Let me preface this by acknowledging that I am well aware that Greek life at Union is not for everyone. Not because it is inherently flawed and “filled with fake smiles, false kindness and constant condemnation,” but rather because it simply does not necessarily offer everyone the same incentives to join as it does others.

It has the stigma of conformity and that we have purchased our friends, with sorority girls often being mocked and belittled for being a part of something that unites them. This is unfortunate, but it is a reality of life — not life at Union. I simply aim to offer some clarifications to some rather disdainful accusations.

To borrow a term from Hughes’ own article: Don’t knock it ’til you try it. Yes, you rushed. Rushing is not the same as being initiated into a sisterhood with bonds of perpetual friendship, as corny as we all know it sounds. Rushing means next to nothing in the grand scheme of Greek life at Union, and it is not petty, nor is it cruel. In what way, shape or form is visiting a sorority house every night for a week to learn about philanthropies or chatting with sisters eager to share with you why they chose their affiliation while watching the girls dance and sing like lunatics “petty, cruel and superficial?”

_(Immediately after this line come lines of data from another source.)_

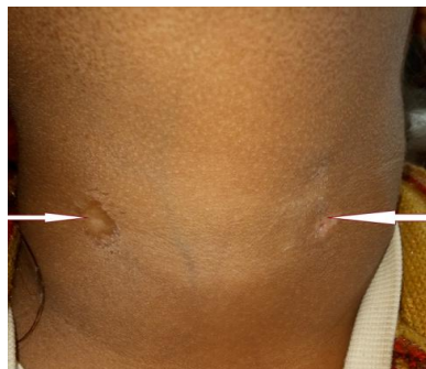
Fig.6 2 nd case with bilateral fistula

since birth. History of mucoid discharge from both the openings was present. On examination active discharge could be seen from both openings. Oropharyngeal examination was unremarkable. Pinna was showing grade two microtia in Rt. ear. Canal was patent. In lt. ear there was preauricular cartilaginous tag. pure tone audiometry was normal bilaterally. Ultrasound was showing no anomaly in bilateral kidneys. CT fistulogram was showing fistulous track with internal opening at the level of tonsils bilaterally. The patient was operated for bilateral fistula under GA.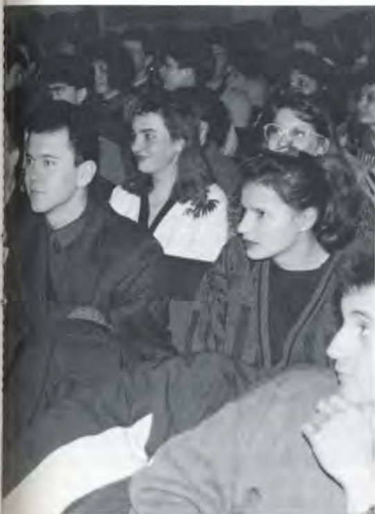
University students and professors attend Divine Principle workshops.

In each of the cities where our missionaries work, students were invited to orientation programs to hear about the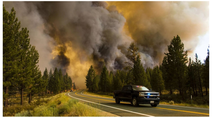
21-07-18 - NY Times - California Wildfires

In January 2021 alone, 297 fires burned 1,171 acres, which is almost triple the number of fires and more than 20 times the acreage of the five-year average for January. In July, more than three times as many acres had burned compared to the previous year through that date. On August 18, 2021, the state of California was facing "unprecedented fire conditions" as multiple fires raged on.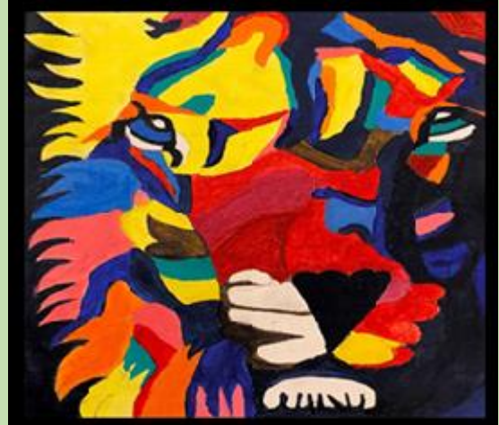
Pranay Suri S1C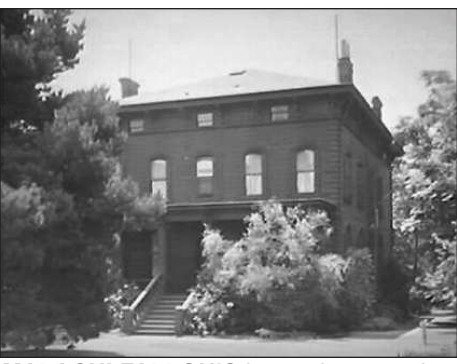
MALACHI FALLON'S home, later used as the Chabot Home.

The merciful endowment Of kindly pioneer Still stands, to grace our city, And hungry hearts to cheer!"

The concept of rush is to entice potential new members to want to join a particular sorority — being “cruel, petty and superficial” is entirely counterproductive to that process. Rush is not sisterhood, and someone who has never experienced such a connection with 100 other women has no right to pass judgment on relationships she has never experienced firsthand.

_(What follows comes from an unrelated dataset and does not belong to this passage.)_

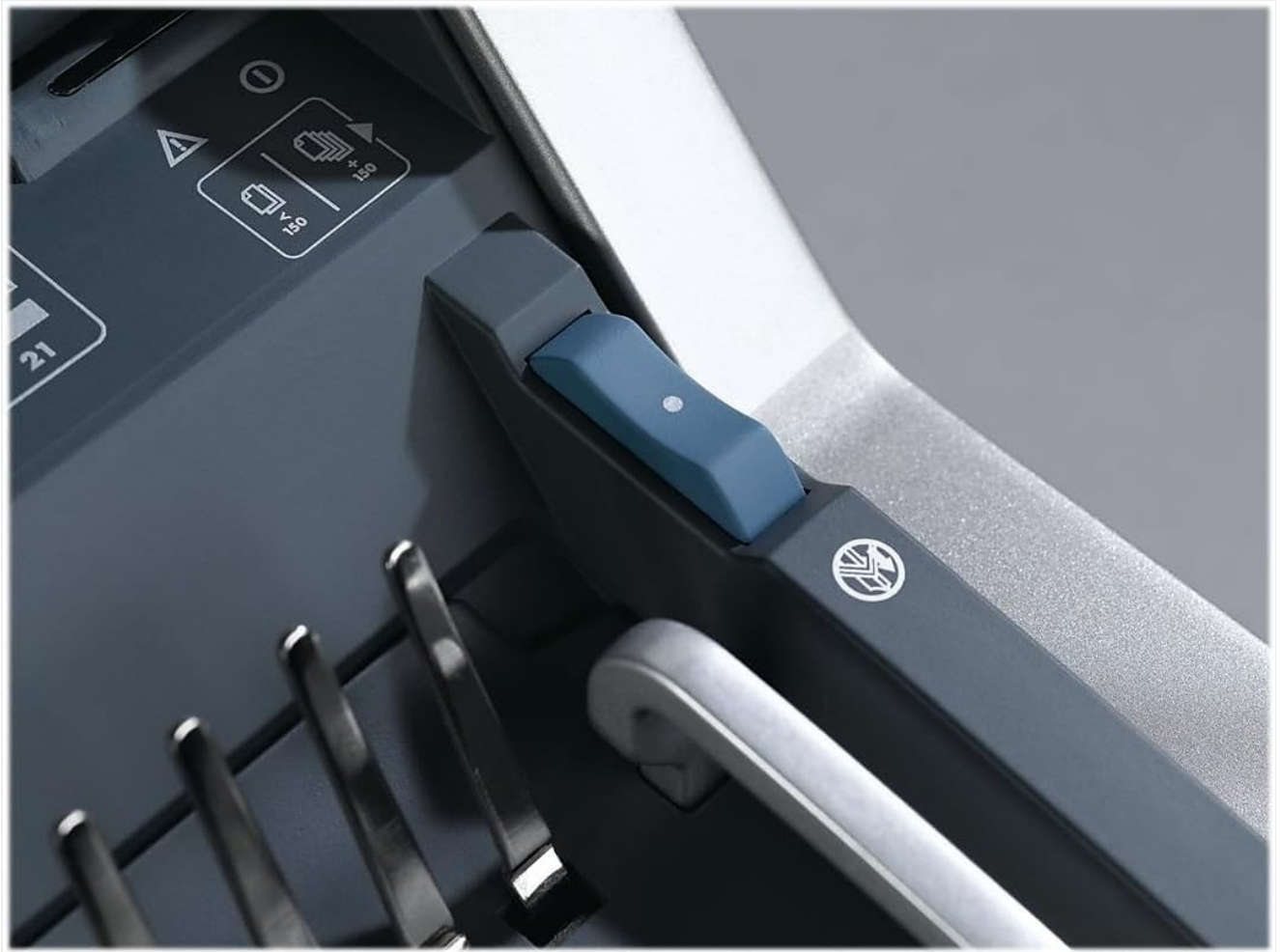
Figure 4: The electric punch button for effortless operation.

To be frank, we do not “[pay] hundreds of dollars for a ‘once-in-a-lifetime experience.” Sisterhood is for life, not three years while on campus. Yes, we pay dues while at Union and that is no secret. Yes, it can be rather pricey, that is also no secret. Call me crazy, but paying dues for three years is perhaps the best investment I have ever made in exchange for a lifetime of support and camaraderie with not just my own chapter, but also all the sisters in the country.

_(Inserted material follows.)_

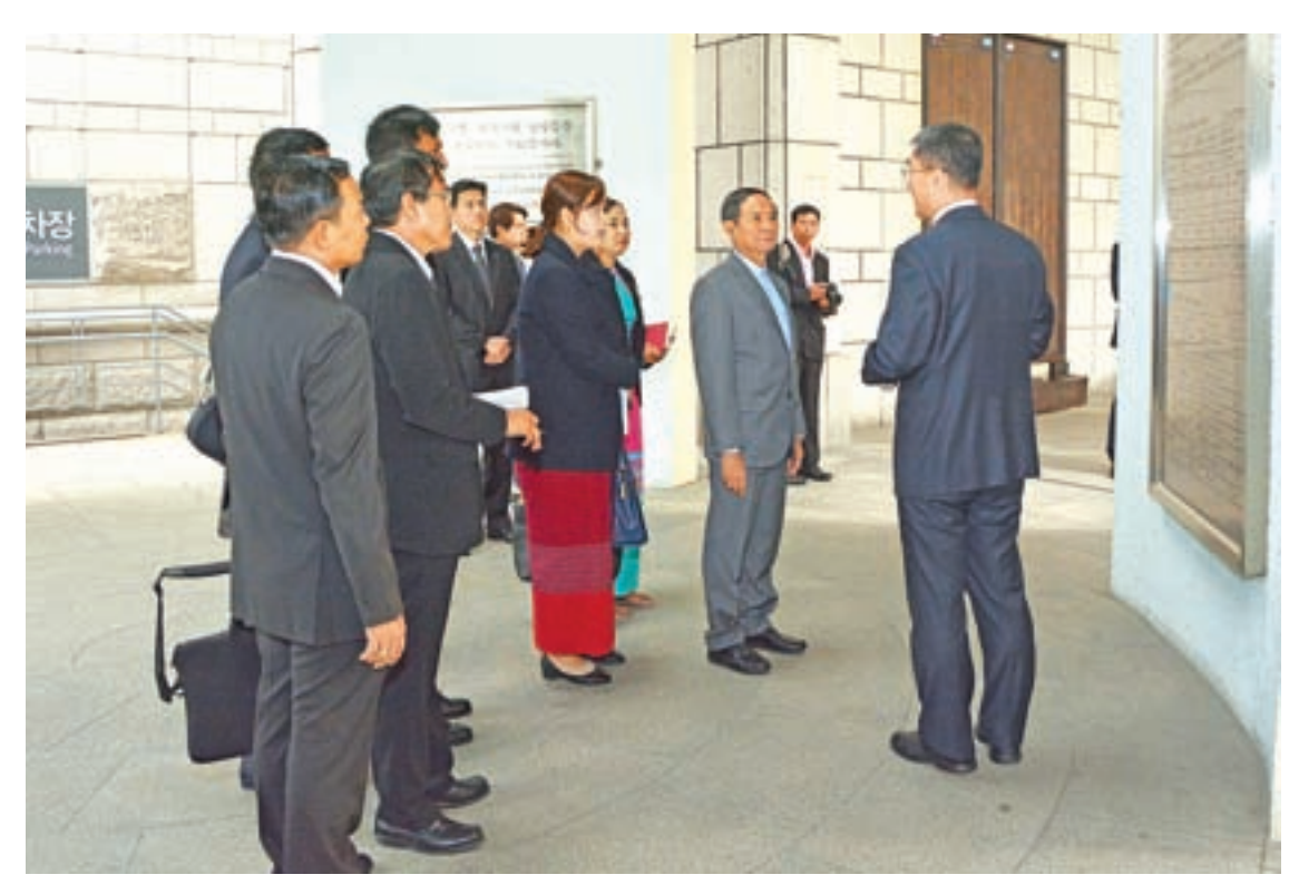
Pyithu Hluttaw Speaker U Win Myint being briefed about the museum.

In the interest of full disclosure, I wanted nothing to do with Greek life upon matriculation at Union. I envisioned Greek life on campus as what I saw in the movies: Sorority girls turning their noses up at any person who did not share their affiliation, misogynistic frat boys and the crippling feeling of judgment from those who perpetuated the stereotype of being airheads with no concern other than the theme for their next frat party.

However, by the end of my first term at Union, I was confident that Greek life was nothing like the stereotypes and that it was definitely something that I wanted to be a part of. Unlike the impression that Ms. Hughes seems to be under, when I walk into Reamer, I am not overwhelmed with whale logos from Vineyard Vines, but rather overwhelmed with the mix of all kinds of Greek letters sitting together at tables, unburdened by whether or not their friends share their affiliations.

I do not wear my letters on “Wear Your Letters Wednesday” because I like to rub in every independent’s face that I am in a sorority and she is not. I wear my letters because I am immensely proud of what I represent, and those with whom I share that representation.

I hate to be the bearer of bad news, but you were likely well aware of Union’s deep, historical connection to Greek life not just when you arrived on campus three years ago, but when you applied in the first place. In fact, chances are your tour guide was a Greek who, if prompted, would have discussed how the Greeks play an important, and sometimes dominant, role on campus.

There is a reason that the Greeks make up such a dominant part of Union’s life, which is a fact tactlessly overlooked. We are Minerva Fellows, committee members, scholars, Student Forum leaders, athletes, artists and philanthropists. We are not the mean girls of Union, as we have been so undeservedly labeled. Being a member of Greek life has pushed me to be a more driven, dedicated and hardworking individual, opening doors for me that may have remained locked if I had not become a member of such a truly rewarding and genuine organization.

Despite my dedication to my sisterhood and all that we believe in, I am not defined by my affiliation, and I believe you would be hard-pressed to find a single individual on this campus that is. Greek life should not define you, and, frankly, you should not let it. One person’s distaste for a tradition and its principles that has been established for centuries does not devalue it, nor does it tarnish what we as Greeks stand for.